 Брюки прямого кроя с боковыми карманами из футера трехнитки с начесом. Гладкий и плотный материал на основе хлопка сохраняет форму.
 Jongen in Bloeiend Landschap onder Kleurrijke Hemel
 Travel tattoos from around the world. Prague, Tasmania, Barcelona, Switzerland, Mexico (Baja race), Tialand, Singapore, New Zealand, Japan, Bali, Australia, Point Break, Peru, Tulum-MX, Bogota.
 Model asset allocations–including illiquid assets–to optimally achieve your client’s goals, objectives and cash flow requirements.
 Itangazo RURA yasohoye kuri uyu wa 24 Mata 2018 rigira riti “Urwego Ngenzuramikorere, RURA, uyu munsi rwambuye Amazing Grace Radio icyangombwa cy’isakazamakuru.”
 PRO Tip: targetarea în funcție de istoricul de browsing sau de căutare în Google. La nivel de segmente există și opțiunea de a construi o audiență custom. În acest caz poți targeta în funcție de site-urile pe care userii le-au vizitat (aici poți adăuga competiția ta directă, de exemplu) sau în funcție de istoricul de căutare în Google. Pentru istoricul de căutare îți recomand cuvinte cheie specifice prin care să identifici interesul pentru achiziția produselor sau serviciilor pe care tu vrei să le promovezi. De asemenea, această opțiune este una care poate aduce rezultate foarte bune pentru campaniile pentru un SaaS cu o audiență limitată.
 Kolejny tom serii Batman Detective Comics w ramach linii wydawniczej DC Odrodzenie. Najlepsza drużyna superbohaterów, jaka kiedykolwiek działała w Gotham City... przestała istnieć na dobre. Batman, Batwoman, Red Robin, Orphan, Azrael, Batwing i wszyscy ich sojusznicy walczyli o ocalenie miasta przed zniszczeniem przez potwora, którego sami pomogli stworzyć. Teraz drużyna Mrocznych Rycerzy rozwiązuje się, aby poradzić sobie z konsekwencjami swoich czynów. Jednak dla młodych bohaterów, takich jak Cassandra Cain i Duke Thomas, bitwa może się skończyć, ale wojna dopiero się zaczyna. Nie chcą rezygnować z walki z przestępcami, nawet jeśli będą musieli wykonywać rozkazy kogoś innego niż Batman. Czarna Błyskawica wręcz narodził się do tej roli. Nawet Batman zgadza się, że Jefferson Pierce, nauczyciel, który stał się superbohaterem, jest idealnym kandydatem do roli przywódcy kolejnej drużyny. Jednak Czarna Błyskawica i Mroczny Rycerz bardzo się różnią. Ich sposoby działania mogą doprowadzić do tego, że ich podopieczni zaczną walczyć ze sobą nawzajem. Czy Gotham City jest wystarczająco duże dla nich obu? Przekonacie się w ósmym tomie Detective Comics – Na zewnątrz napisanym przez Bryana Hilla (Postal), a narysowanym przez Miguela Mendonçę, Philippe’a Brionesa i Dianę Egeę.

#####

■ Required work ■
Output the lines of the records above exactly as they appear, from the line containing "Jongen in Bloeiend" through the line containing "Itangazo RURA yasohoye".

■ Output of the exercise ■
 Jongen in Bloeiend Landschap onder Kleurrijke Hemel
 Travel tattoos from around the world. Prague, Tasmania, Barcelona, Switzerland, Mexico (Baja race), Tialand, Singapore, New Zealand, Japan, Bali, Australia, Point Break, Peru, Tulum-MX, Bogota.
 Model asset allocations–including illiquid assets–to optimally achieve your client’s goals, objectives and cash flow requirements.
 Itangazo RURA yasohoye kuri uyu wa 24 Mata 2018 rigira riti “Urwego Ngenzuramikorere, RURA, uyu munsi rwambuye Amazing Grace Radio icyangombwa cy’isakazamakuru.”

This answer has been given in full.